For inference, Morfd can operate in two modes:
- Optimistic Verification (Commitment-Only):
- The pipeline references the public model (e.g., Stable Diffusion) by a known hash.
- The private LoRA is referenced by the on-chain commitment generated during training.
- The input parameters (prompt, seed, etc.) and final outputs (images) are addressed via IPFS CIDs.
- By verifying these references (model hash, LoRA hash, input data CID) and reproducing the same inference steps, third parties gain confidence that the claimed LoRA and data produced the stated result—without the LoRA ever being revealed.
- Zero-Knowledge Verification (ZK Proofs):
- Morfd optionally leverages a ZK-capable agent that runs inference inside a ZK circuit, proving correctness of the pipeline (public model + private LoRA + provided input) without exposing LoRA details or intermediate computations.

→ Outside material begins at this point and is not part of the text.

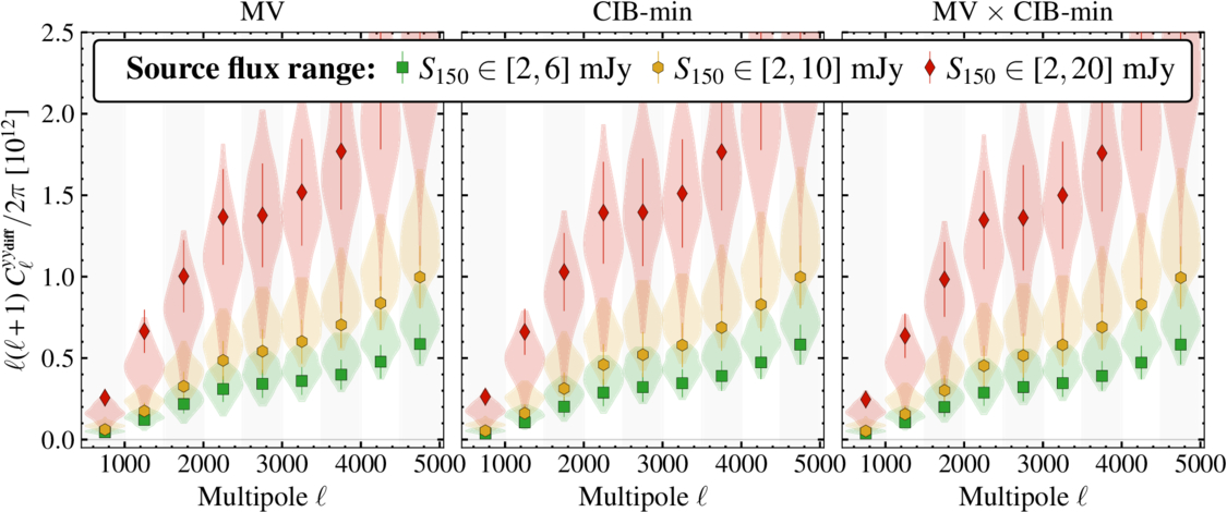 Power spectra of the difference maps ﹩{C}_{\ell }^{y{y}_{{\bf{diff}}}}﹩ computed by subtracting the baseline case of S150 = 2 mJy from the maps made with other source masking schemes: S150 = 6 mJy (green), S150 = 10 mJy (yellow), and S150 = 20 mJy (red). The violins show the scatter from simulations, which include both the statistical and the systematic errors from radio sources. The simulations used are CMB + kSZ + tSZ + Uncorr-CIB + Uncorr-radio, and do not contain correlation between tSZ and bright sources. The observed differences are consistent within the errors, which increase significantly with the masking threshold due to the residual radio power, and we do not observe a significant correlation between tSZ and bright point sources detected in our survey footprint.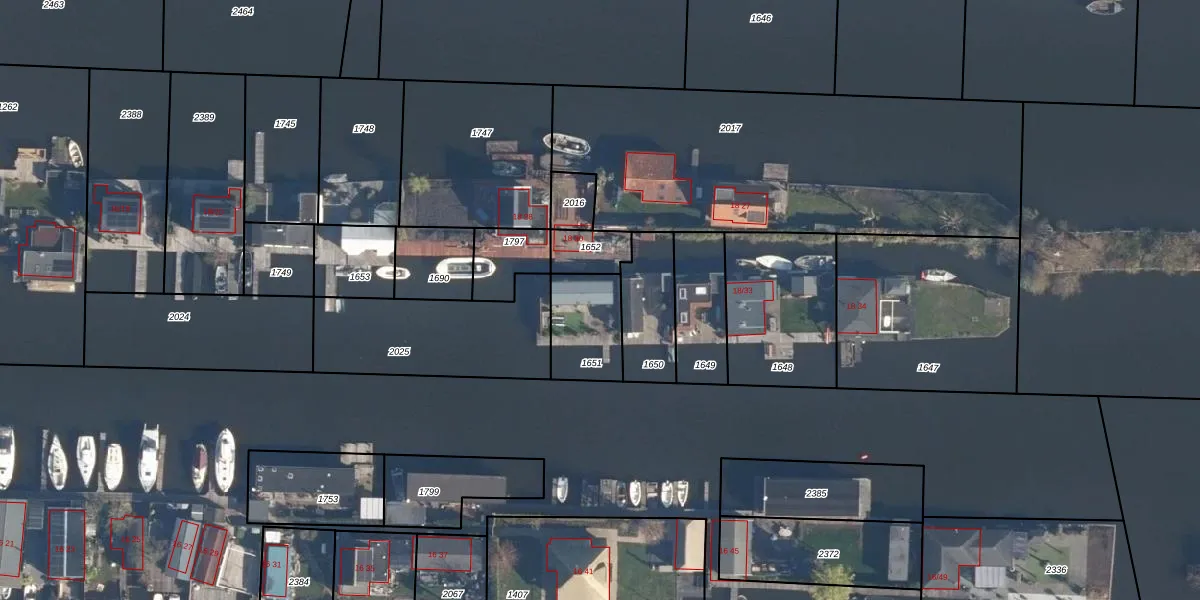 Gebruik de zoekbalk of klik op een perceel voor informatie over de adressen binnen dit perceel.

- The resulting ZK proof attests that the final image was generated exactly as claimed, from the committed LoRA and public model.
- On-chain or off-chain verifiers can confirm the proof’s validity without trusting the agent or learning any private weights.
By combining the content-addressable workflow—where training data, model weights, and inference inputs are all stored as IPFS CIDs—with commitment schemes or ZK proofs, Morfd provides an auditable yet privacy-preserving solution. Creators retain control over their proprietary training materials, while end users (and smart contracts) can cryptographically verify that any resulting LoRA or inference output is authentic and corresponds to the expected pipeline.